▽
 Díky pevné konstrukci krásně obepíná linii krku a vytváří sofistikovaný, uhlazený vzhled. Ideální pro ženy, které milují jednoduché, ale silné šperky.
△
▽
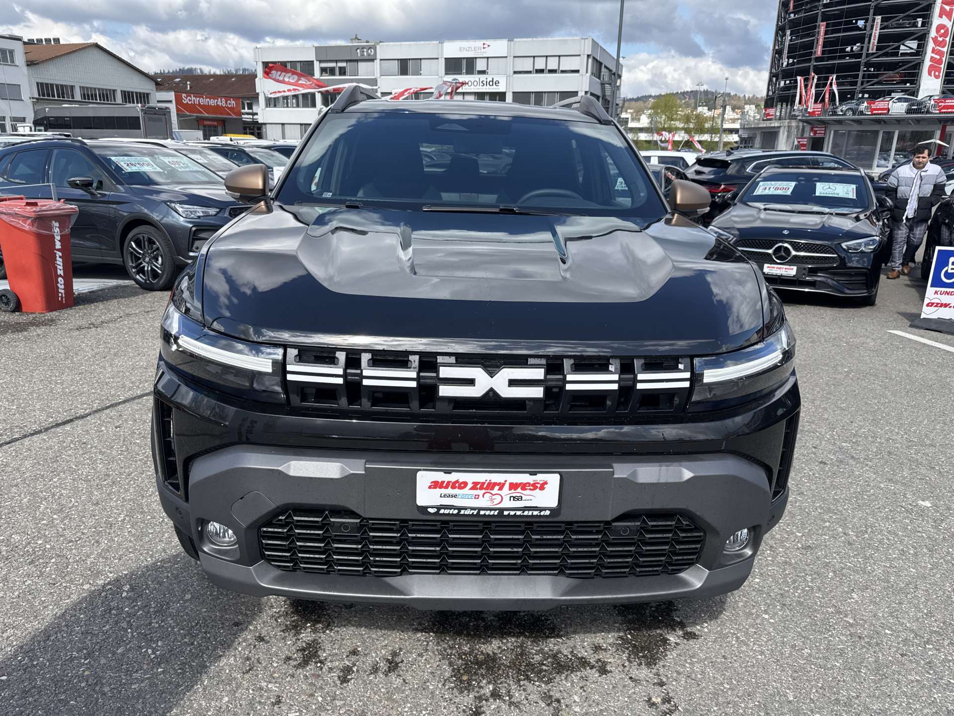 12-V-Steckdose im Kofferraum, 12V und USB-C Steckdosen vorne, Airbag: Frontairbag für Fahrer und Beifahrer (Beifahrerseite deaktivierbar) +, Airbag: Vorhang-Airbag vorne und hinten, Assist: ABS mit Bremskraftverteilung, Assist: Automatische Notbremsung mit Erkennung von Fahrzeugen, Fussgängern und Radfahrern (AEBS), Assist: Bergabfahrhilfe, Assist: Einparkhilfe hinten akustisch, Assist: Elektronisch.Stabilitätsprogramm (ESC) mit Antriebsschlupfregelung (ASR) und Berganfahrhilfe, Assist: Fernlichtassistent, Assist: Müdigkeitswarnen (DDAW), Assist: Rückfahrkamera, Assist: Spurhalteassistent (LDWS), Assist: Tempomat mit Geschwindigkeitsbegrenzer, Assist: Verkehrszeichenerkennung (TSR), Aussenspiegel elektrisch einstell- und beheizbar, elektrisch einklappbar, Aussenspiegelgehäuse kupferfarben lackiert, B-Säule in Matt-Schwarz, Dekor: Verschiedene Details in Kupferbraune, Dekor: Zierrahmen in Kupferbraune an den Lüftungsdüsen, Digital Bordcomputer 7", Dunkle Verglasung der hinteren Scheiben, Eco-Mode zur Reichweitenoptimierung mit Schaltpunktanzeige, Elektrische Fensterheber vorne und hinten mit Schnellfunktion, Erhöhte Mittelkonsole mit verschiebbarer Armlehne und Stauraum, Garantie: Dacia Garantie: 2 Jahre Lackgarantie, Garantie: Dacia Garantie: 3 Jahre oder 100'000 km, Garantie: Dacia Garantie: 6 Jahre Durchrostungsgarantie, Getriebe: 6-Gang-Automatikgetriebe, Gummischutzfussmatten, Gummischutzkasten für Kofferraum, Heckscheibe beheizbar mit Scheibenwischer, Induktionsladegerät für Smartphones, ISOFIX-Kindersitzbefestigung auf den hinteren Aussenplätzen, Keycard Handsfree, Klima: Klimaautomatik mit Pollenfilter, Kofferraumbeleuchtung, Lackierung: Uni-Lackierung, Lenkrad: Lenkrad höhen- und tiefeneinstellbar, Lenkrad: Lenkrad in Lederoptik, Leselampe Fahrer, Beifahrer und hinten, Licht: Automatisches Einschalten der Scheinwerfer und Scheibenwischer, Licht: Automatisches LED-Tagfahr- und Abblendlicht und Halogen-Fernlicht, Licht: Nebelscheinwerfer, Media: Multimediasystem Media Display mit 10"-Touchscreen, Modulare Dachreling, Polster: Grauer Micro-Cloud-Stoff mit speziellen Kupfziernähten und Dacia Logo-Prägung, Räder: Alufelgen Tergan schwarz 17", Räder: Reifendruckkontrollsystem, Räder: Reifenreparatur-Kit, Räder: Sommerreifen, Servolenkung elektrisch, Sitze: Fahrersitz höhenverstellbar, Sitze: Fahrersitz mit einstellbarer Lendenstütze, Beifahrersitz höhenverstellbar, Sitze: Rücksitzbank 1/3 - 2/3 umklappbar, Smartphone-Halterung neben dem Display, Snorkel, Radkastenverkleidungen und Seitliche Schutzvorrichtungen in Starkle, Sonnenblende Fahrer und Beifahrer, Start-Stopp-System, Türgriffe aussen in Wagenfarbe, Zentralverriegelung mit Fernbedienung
△
▽
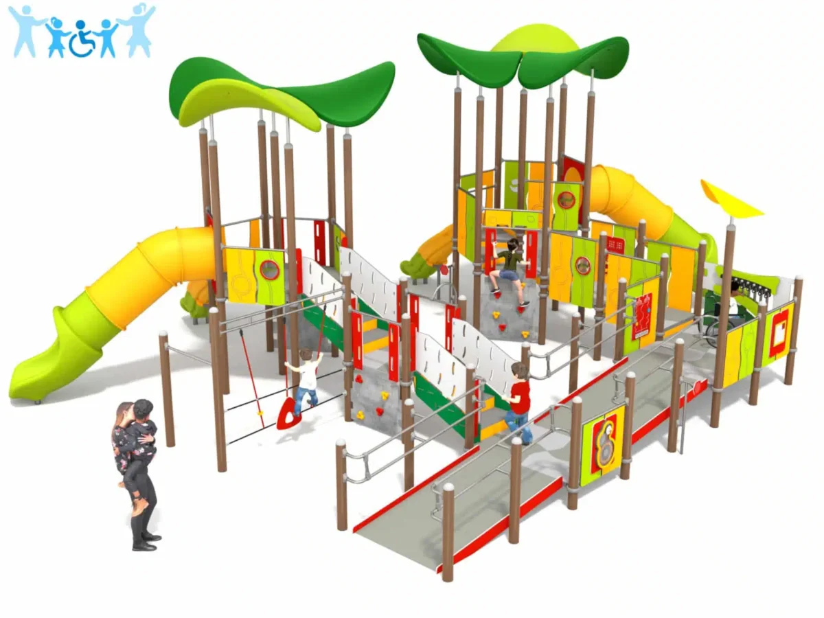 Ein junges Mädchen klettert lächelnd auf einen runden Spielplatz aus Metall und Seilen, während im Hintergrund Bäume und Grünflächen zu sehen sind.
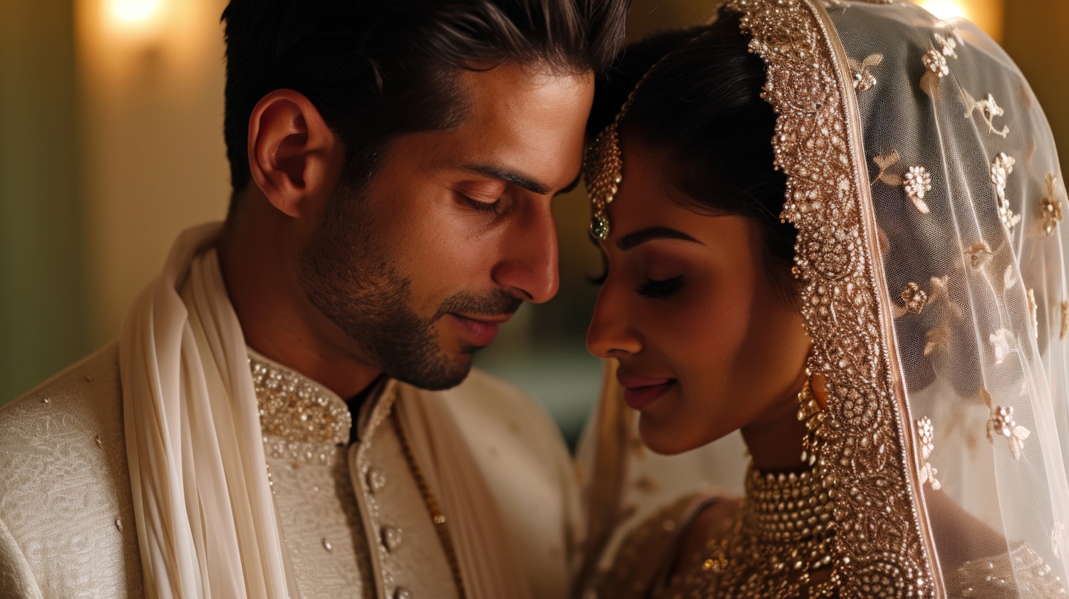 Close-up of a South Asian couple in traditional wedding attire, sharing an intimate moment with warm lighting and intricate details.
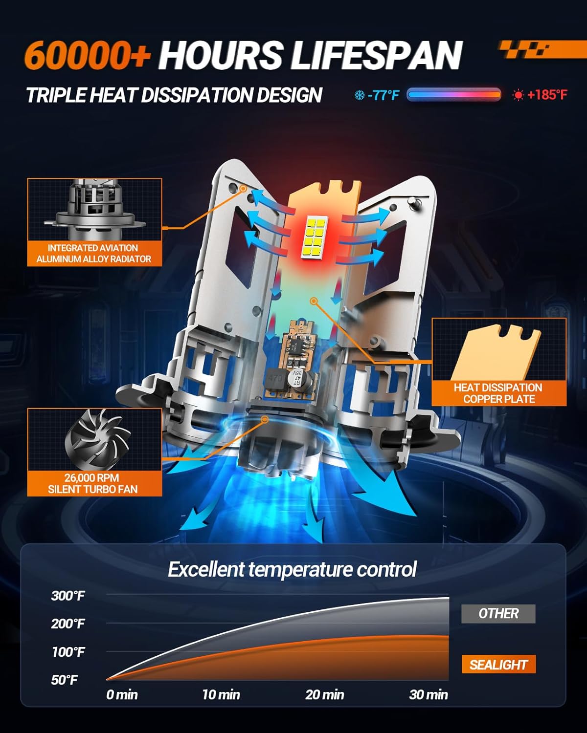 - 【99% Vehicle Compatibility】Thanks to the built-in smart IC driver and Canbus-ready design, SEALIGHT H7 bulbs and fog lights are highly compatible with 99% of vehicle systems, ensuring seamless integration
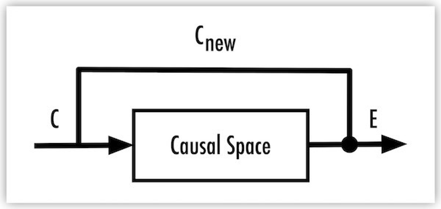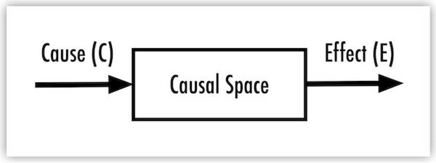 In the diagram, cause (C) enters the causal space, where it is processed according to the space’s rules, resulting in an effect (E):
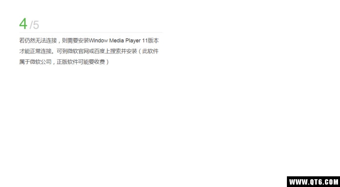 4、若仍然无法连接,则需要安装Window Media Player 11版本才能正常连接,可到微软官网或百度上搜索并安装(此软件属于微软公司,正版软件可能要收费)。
△
PROBLEM DESCRIPTION: Write out word for word the lines above that run from the one with "Ein junges Mädchen" to the one with "4、若仍然无法连接,则需要安装Window Media Player". Include both end lines; exclude the images.

EXPECTED OUTPUT:
 Ein junges Mädchen klettert lächelnd auf einen runden Spielplatz aus Metall und Seilen, während im Hintergrund Bäume und Grünflächen zu sehen sind.
 Close-up of a South Asian couple in traditional wedding attire, sharing an intimate moment with warm lighting and intricate details.
 - 【99% Vehicle Compatibility】Thanks to the built-in smart IC driver and Canbus-ready design, SEALIGHT H7 bulbs and fog lights are highly compatible with 99% of vehicle systems, ensuring seamless integration
 In the diagram, cause (C) enters the causal space, where it is processed according to the space’s rules, resulting in an effect (E):
 4、若仍然无法连接,则需要安装Window Media Player 11版本才能正常连接,可到微软官网或百度上搜索并安装(此软件属于微软公司,正版软件可能要收费)。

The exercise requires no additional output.